Part One of this series, featured in the Fall/Winter 2007 Beef Performance Edge, focused on the optimum mineral mix needed for cattle grazing wheat pasture, management strategies to reduce occurrence of bloat and tetany, and the strategic use of ionophores and antibiotics.  Part two will focus on feed and forage supplementation strategies to maximize performance on wheat pasture.

To determine the potential profitability of wheat pasture grazing enterprises, one must be able to predict cattle breakevens with some degree of accuracy.  A number of factors should be considered when calculating breakevens, and predictable performance is one of the key precursors.  Performance is directly related to intake and average daily gain, which are particularly challenging to predict because of large variations in weather and forage standing crop.  Supplemental feeding reduces some of this variation, thereby stabilizing cattle performance which makes predictions somewhat more reliable.

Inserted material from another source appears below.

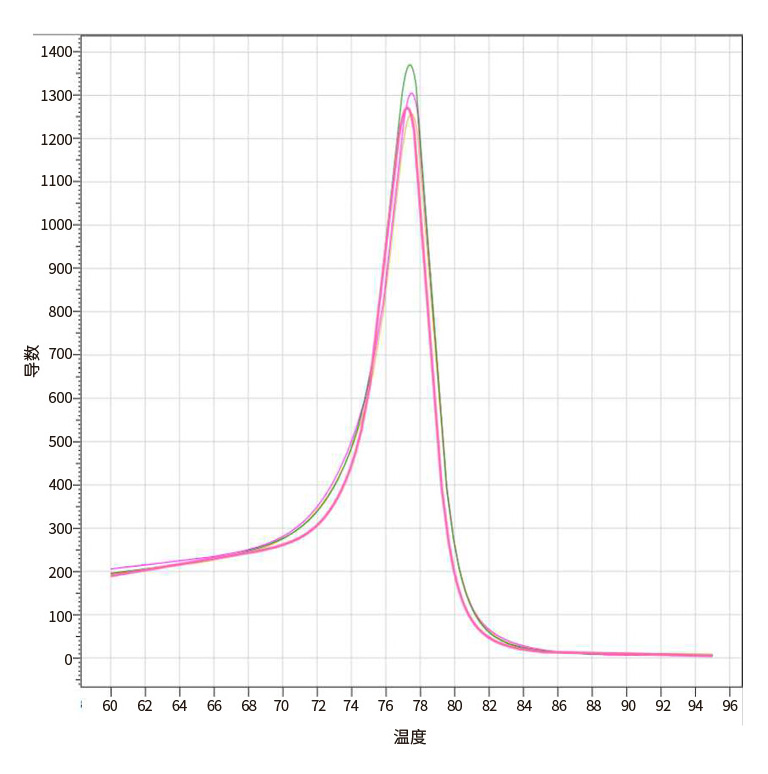 以水稻miRNA為模板,使用本產品與某T公司和某V公司同類產品進行反轉錄,得到的cDNA進行熒光定量檢測osa-miR156a??梢钥吹?,使用本產品得到的融解曲線為單峰,同類產品得到的融解曲線為雙峰。

Supplementation of cattle grazing wheat pasture should be considered in the following instances:

• To provide a more balanced nutrient supply and/or inclusion of other feed additives (i.e ionophores, antibiotics, bloat preventatives, etc.).

• To increase stocking rate by reducing forage intake with alternative feed.

• To provide feed when forage availability is limited.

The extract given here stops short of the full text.